Here’s a function to calculate the maximum profit considering the transaction fee:

def max_profit_with_fee(k, prices, fee):
  """
  This function calculates the maximum profit achievable with k transactions
  and a transaction fee.

  Args:
      k: Maximum allowed transactions.
      prices: Array of stock prices.
      fee: Transaction fee as a percentage.

  Returns:
      Maximum achievable profit.
  """
  # Handle edge cases
  if not prices or k == 0:
    return 0
  
  n = len(prices)
  # Initialize arrays to store maximum profit at each day
  # under two conditions: holding stock or not holding
  # (cash) considering k transactions
  dp = [[0 for _ in range(2)] for _ in range(k + 1)]

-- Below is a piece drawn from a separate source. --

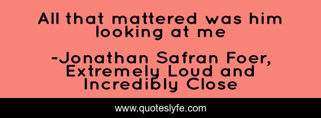 This page presents the quote "All that mattered was him looking at me". Author of this quote is Jonathan Safran Foer, Extremely Loud and Incredibly Close. This quote is about attention, love, him, affection,.

  # No transaction on day 0 (both cash and holding states)
  dp[0][0] = dp[0][1] = 0

  # Iterate through prices for each transaction (0 to k)
  for i in range(1, n):
    for j in range(k, 0, -1):
      # Cash on day i: 
      #  - Either stay in cash (previous cash)
      #  - Or sell stock from previous holding state (considering fee)
      dp[j][0] = max(dp[j][0], dp[j][1] + prices[i] - fee * prices[i] / 100)

      # Holding stock on day i:
      #  - Either stay holding (previous holding)
      #  - Or buy stock from previous cash state
      dp[j][1] = max(dp[j][1], dp[j - 1][0] - prices[i])

  # Return the maximum profit achievable with k transactions (cash state)
  return dp[k][0]

Explanation:

1. The function takes k, prices, and fee as input.
2. It handles edge cases where there are no prices or no transactions allowed (k=0).
3. It creates a 2D array dp of size (k+1) x 2. This array will store the maximum profit achievable with k transactions at each day (i) under two conditions: holding a stock (dp[j][1]) or having cash (dp[j][0]).
4. It initializes dp[0][0] and dp[0][1] to 0 as there are no transactions on day 0.
5. It iterates through the prices for each transaction (from k down to 1).
6. Inside the loop, it iterates through each day (i).
7. For the cash state (dp[j][0]), it considers two options:
   • Remain in cash (previous day’s cash value).
   • Sell the stock held previously (considering the transaction fee).
8. For the holding state (dp[j][1]), it considers two options:
   • Remain holding the stock (previous day’s holding value).
   • Buy the stock from the previous day’s cash.
9. It updates dp[j][0] and dp[j][1] with the maximum of the two options for each state.
10. Finally, it returns dp[k][0], which represents the maximum achievable profit with k transactions (cash state) after considering all days and transaction options.

This approach uses dynamic programming to efficiently calculate the maximum profit considering the transaction fee and the constraint on the number of transactions.